Friday, March 9, 2012

Learning Power, Learning Dispositions, ELLI

David Perkins (1995) research studies to measure and increase IQ. Perkins defines IQ as having three major components:

1. Neural intelligence. This refers to the efficiency and precision of one's neurological system.
2. Experiential intelligence. This refers to one's accumulated knowledge and experience in different areas. It can be thought of as the accumulation of all of one's expertises.
3. Reflective intelligence. This refers to one's broad-based strategies for attacking problems, for learning, and for approaching intellectually challenging tasks.

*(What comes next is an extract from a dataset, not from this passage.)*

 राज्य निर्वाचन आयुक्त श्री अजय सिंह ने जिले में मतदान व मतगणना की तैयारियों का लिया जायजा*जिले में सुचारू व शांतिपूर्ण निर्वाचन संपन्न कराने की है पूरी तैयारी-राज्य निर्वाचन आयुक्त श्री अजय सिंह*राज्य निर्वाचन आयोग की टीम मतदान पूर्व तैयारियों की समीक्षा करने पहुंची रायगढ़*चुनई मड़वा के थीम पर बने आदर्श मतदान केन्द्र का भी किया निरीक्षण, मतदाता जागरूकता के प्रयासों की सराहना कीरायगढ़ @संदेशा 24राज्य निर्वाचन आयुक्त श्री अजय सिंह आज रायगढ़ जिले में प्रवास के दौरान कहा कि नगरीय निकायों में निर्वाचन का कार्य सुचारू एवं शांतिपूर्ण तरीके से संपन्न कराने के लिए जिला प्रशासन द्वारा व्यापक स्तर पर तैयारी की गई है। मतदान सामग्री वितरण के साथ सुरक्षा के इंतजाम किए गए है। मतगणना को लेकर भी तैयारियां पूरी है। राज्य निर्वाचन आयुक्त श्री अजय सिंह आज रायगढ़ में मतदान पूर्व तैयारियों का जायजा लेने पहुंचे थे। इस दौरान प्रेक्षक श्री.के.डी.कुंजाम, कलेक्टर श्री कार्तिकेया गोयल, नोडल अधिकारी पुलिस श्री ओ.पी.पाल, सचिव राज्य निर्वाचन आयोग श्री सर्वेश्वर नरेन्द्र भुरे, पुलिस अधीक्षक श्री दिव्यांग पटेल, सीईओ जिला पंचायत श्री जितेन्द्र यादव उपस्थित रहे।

It includes attitudes that support persistence, systemization, and imagination. It includes self-monitoring and self-management.

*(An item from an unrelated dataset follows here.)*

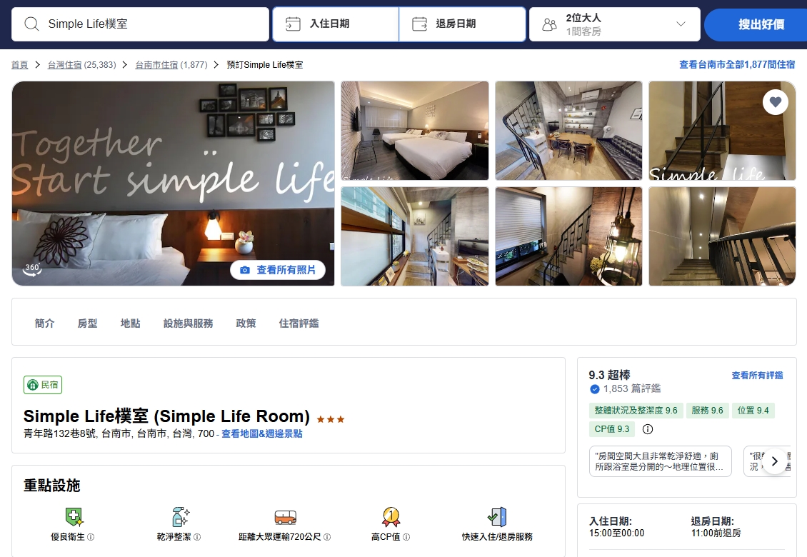 這次的台南小旅行,其實是在「 Agoda」 上無意間滑到《 Simple Life 樸室》。看到四人房平日一晚價格只要兩千初,實在有點驚訝。雖然我們是兩大一小同行,但比起雙人房,兩張雙人床的四人房在空間與睡眠品質上都舒服許多,再加上整體評價不錯,當下就直接下訂,沒有多想。

In 1997, Dunlap defined four separate instructional methodologies that nurture learning skills for lifelong learning. These four methodologies are: problem-based learning (PBL)(Barrows & Tamblyn, 1980), intentional learning (Palincsar, 1990), reciprocal teaching (Palincsar & Brown, 1984), and cognitive apprenticeship(Collins, Brown & Holum, 1991).

Learning Power
The concept of learning power emerged in the 1980s and 1990s, in the writings of Guy Claxton. Learning Power, seen as a form of intelligence, is not primarily intellectual, but related to personality and styles, practical, consisting of interwoven capacities, seen as capable of development and refinement, and often referred to as dispositions(David Perkins, 1995), Habits of mind (Art Costa, 2000) or 'capacities' (Guy Claxton, 2002), instead of skills.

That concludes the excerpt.